Potassium and antimony mixed oxides were obtained by calcination of the commercial potassium-antimony tartrate trihydrate K(SbO)C₄H₄O₆.3H₂O at temperatures ranging from 300 to 800 °C. The structure varied with temperature as revealed by XRD characterization. The modifications occurring during the calcination process were also studied by FT-IR and DRS spectroscopies, along with by thermal analysis (TG/DTG). The solids were tested in 2-propanol decomposition at 200 °C, used as probe reaction for the investigation of acid-basic and redox properties. The catalytic activity was function of the calcination temperature and the best 2-propanol conversion was achieved with the tartrate precursor calcined at 500 °C that crystallizes forming KSbO₃ as main phase along with K_0.51Sb_2.67O_6.26 as secondary phase. Under N₂ the activity reached the maximum after 10 min, 80% of 2-propanol conversion was the highest value, over the sample calcined at 500 °C, but rapidly decreased with time on stream and almost declined after 1 h. In the presence of air in the reaction mixture, 85% of 2-propanol conversion was achieved at 200 °C, after 20 min under stream, with the most active sample. By increasing the calcination temperature above 500 °C, the conversion decreased, especially for the sample calcined at 800 °C showing the worse conversion, although the stability over time increased, likely due to the achievement of stable crystalline phases and crystallite sizes. In all cases, the 2-propanone selectivity was close to 100%. This behaviour confirmed the occurrence of a dehydrogenation reaction involving the basic sites typical of KSbxOy oxides along with the redox couple Sb(V)/Sb(III).
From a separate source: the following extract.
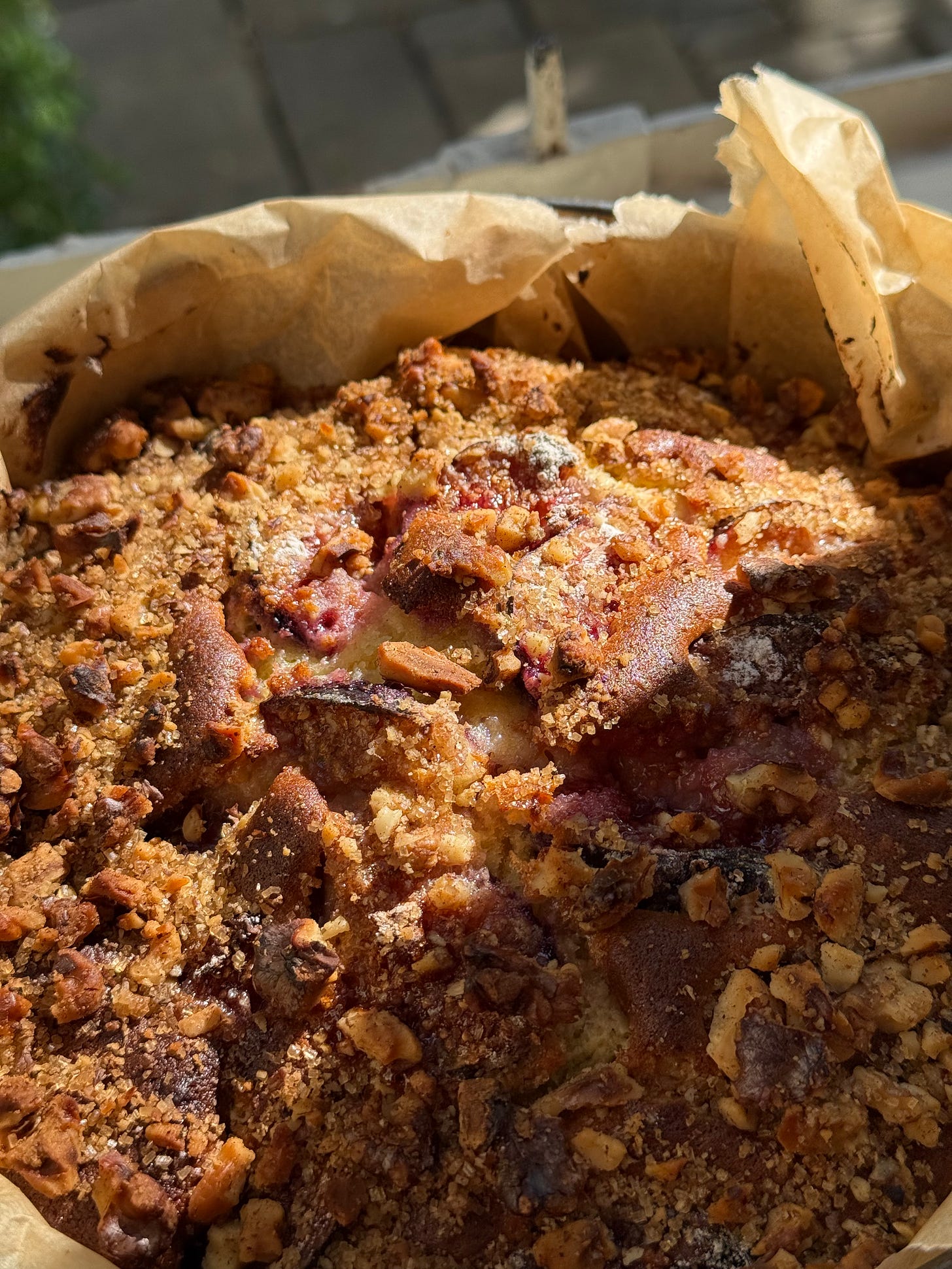 Mix the Demerara, walnuts and cinnamon together. This will go on after 45 minutes of baking, of which the total bake is 1hr 10mins.

通过煅烧市售酒石酸锑锑酸钾三水合物K（SbO）C ₄ H ₄ O ₆ .3H ₂获得钾和锑的混合氧化物。O在300至800°C的温度范围内。XRD表征表明，结构随温度变化。还通过FT-IR和DRS光谱学以及通过热分析（TG / DTG）研究了煅烧过程中发生的修饰。固体在200°C的2-丙醇分解中进行测试，用作探查酸碱性和氧化还原特性的探针反应。催化活性是煅烧温度的函数，在500°C下煅烧的酒石酸盐前体可实现最佳的2-丙醇转化率，其结晶形成KSbO ₃作为主相以及K _0.51 Sb _2.67 O _6.26作为副相。N _2以下活性在10分钟后达到最大值，在500°C下煅烧的样品中80％的2-丙醇转化率是最高值，但随着生产时间的增长迅速下降，并在1 h后几乎下降。在反应混合物中存在空气的情况下，在流动状态下经过20分钟后，活性最高的样品在200°C下达到了85％的2-丙醇转化率。通过将煅烧温度提高到500°C以上，转化率下降，特别是对于在800°C煅烧的样品，转化率更差，尽管随着时间的推移稳定性会增加，这可能是由于获得了稳定的结晶相和微晶尺寸。在所有情况下，2-丙酮的选择性均接近100％。